Veritas-bu

[Veritas-bu] Re: start notify and multiple data streams

2001-06-21 15:51:39
Subject: [Veritas-bu] Re: start notify and multiple data streams
From: John_Wang AT enron DOT net (John_Wang AT enron DOT net)
Date: Thu, 21 Jun 2001 14:51:39 -0500
Hello Curtis

If they were truly critical, they would be worth the added cost of a decent
filesystem.

A true hot backup state leaves the core of the database tables in a consistent
state and journals continuing activity, allowing ongoing database activity with
a modest performance hit that's probably more manageable than a mad scramble to
back everything up.   I believe you are thinking of leaving the database in a
quiescent state where the database is actually shut down.   Hey, I wasn't the
one to start using the term "hot backup" in this thread and have no idea if
there really is a "hot backup" mode in any known databases.   I suspect that the
term "hot backup" is a misnomer from the original poster.

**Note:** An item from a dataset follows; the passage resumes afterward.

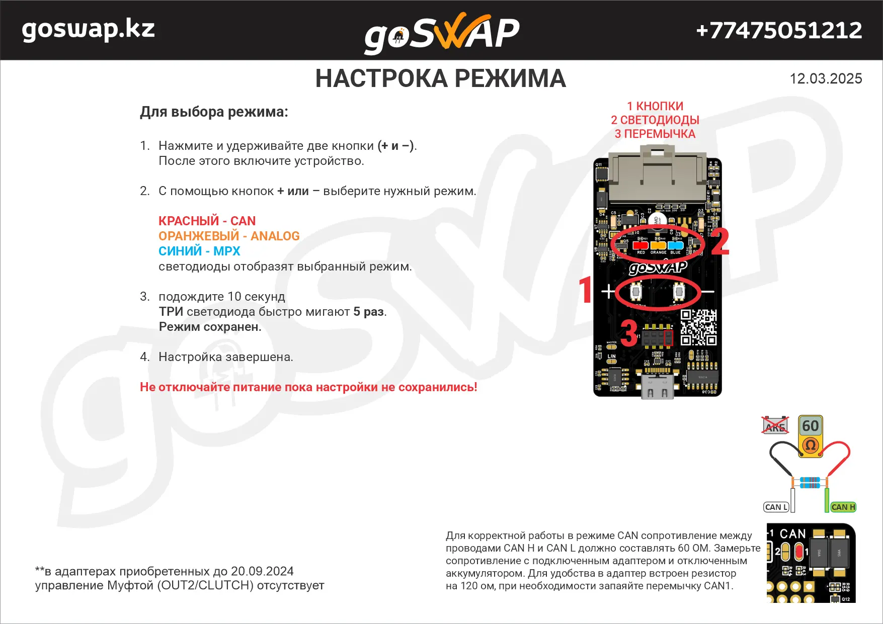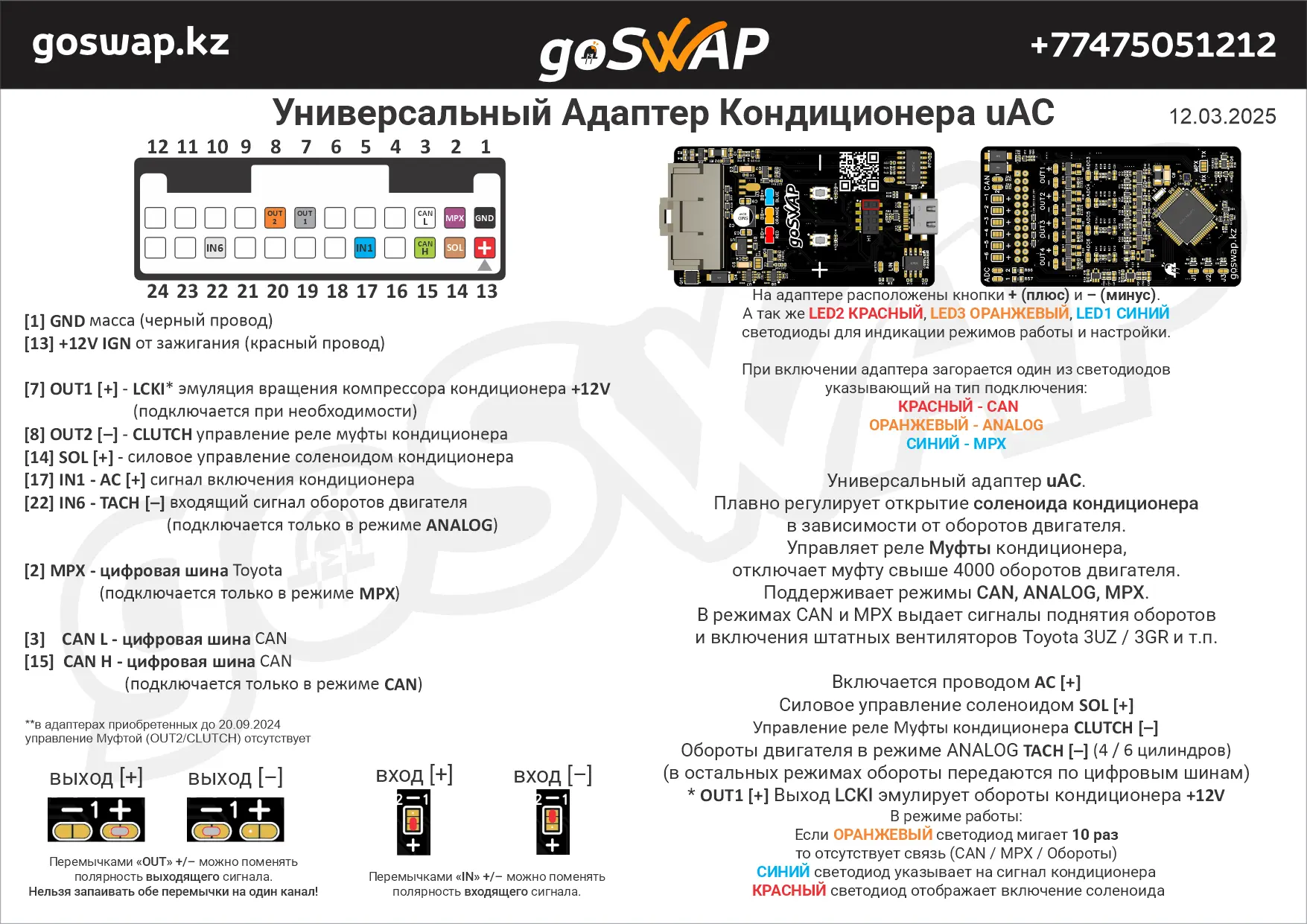 Плавно регулирует открытие в зависимости от оборотов двигателя. Управляет реле кондиционера, отключает муфту свыше 4000 оборотов двигателя. Поддерживает режимы CAN, ANALOG, MPX В режимах CAN и MPX выдает сигналы поднятия оборотов и включения штатных вентиляторов Toyota 3UZ / 3GR и т.п. Включается проводом AC [+] Силовое управление соленоидом SOL [+] Управление реле Муфты кондиционера CLUTCH [–]** Обороты двигателя в режиме ANALOG TACH [–] (4 / 6 цилиндров) (в остальных режимах обороты передаются по цифровым шинам) * OUT1 [+] Выход эмулирует обороты кондиционера +12V ** в адаптерах приобретенных до 20.09.2024 управление Муфтой (OUT2/CLUTCH) отсутствует

A decent filesystem provides that ability without application developers having
to design it in.   Arguably a decent database would also have it built in and
would simply implement it as part of their rollback algorithm by simply allowing
for a suspension in the journal or log consolidation to consistent states,   I
know that Techra had the ability to rollback to the last known consistent state
and hence was actually journalling everything anyway.   Such functionality may
be found for free if you're willing to bone up on being a DBA from a system
administrator's perspective. Tell your employer to have you trained as a DBA or
buy the filesystem so that you can meet that responsibility ubiquitously.   My
advocation of a systematic filesystem solution is obvious proof that I am
acknowledging that database servers cannot be quiescent indefinitely.   I simply
believe that run optimization by multi-streaming can ever produce truly
acceptable and consistent results and therefore a systematic approach is
required.

Even a mad scramble to minimize your backup window results in a variable
quiescent downtime requirement and with Netbackup results in a variable time at
which this window starts.   Critical servers tend to require that the quiescent
periods are agreed upon beforehand and be of a regular period of time as well as
being a minimum.   If the servers are truly critical, saying that it'll be shut
down for an unspecified but minimal amount of time sometime during the backup
window would not be good enough.    Ultimately, you need a decent filesystem.
Purchasing a filesystem product is a capital expenditure, over time the cost of
capex amortizes to far less than the value of time spent by employees at water
coolers.   It's good business practice to consider capex cheap.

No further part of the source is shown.